Nós não escolhemos os valores através de uma intuição contemplativa que os compreende como sendo valores. Porém, o verdadeiro valor, aquele que assumo não por ser controlado por outros, mas porque estou convicto de sua importância, só pode surgir de uma liberdade ativa. Daí minha liberdade é o único fundamento dos valores e nada, absolutamente nada além da liberdade de pensamento justifica minha adoção dessa ou daquela escala de valores.
O grande problema é que preferimos a tranqüilidade passiva do que a liberdade ativa. Nós não nos angustiamos frente à escolha de valores, porque nos acostumamos com os valores oferecidos pela sociedade. Preferimos viver no “paraíso” do que na angústia da decisão, sem percebermos que o primeiro é o inferno da escravidão, enquanto o segundo é o céu da consciência.
Quando me compreendo como a origem primeira de meu possível, isto é o que se chama de consciência de liberdade, caminho acima das conveniências sociais e dos padrões preestabelecidos.
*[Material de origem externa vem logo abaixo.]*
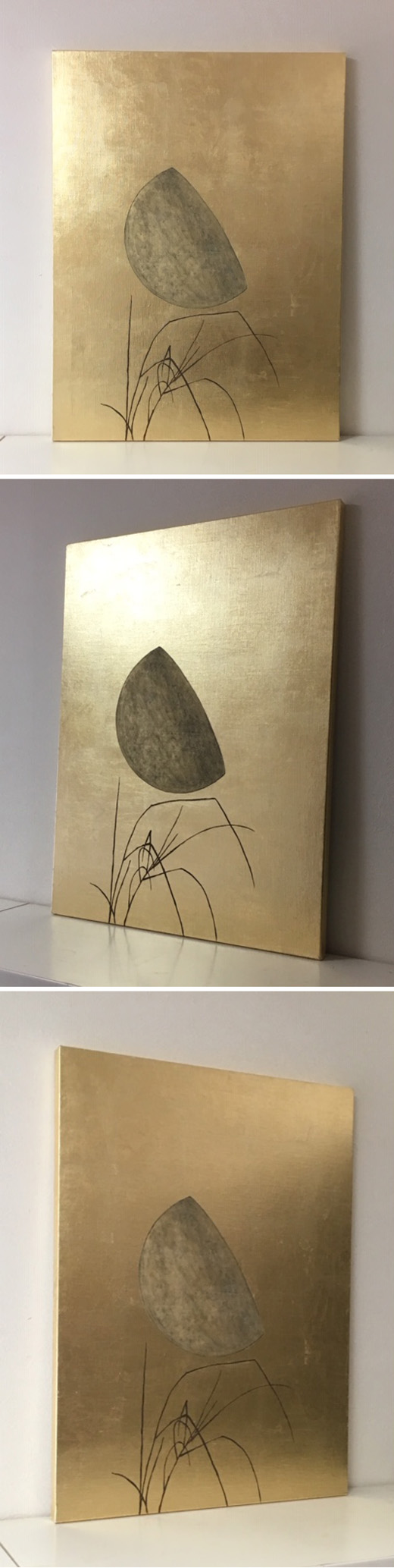 キャンバスに金色の箔と油彩で月と秋草図を描きました。平成30年浦安市美術展に出品された作品です。

Desta forma, atinjo a condição essencialmente humana, a condição da angústia, mas também o prazer de construir minha própria maneira de existir e, portanto, uma forma autêntica de ser.
Meus atos, então, fazem meus valores se erguerem como perdizes: é por minha indignação que me é dado o antivalor, a “baixeza” e, por minha admiração, o valor, a “grandeza”. Somente com a consciência da liberdade, que é simultaneamente angustiante e prazerosa, posso ter um viver criativo e produtivo, como também fazer realmente a diferença frente à massa social.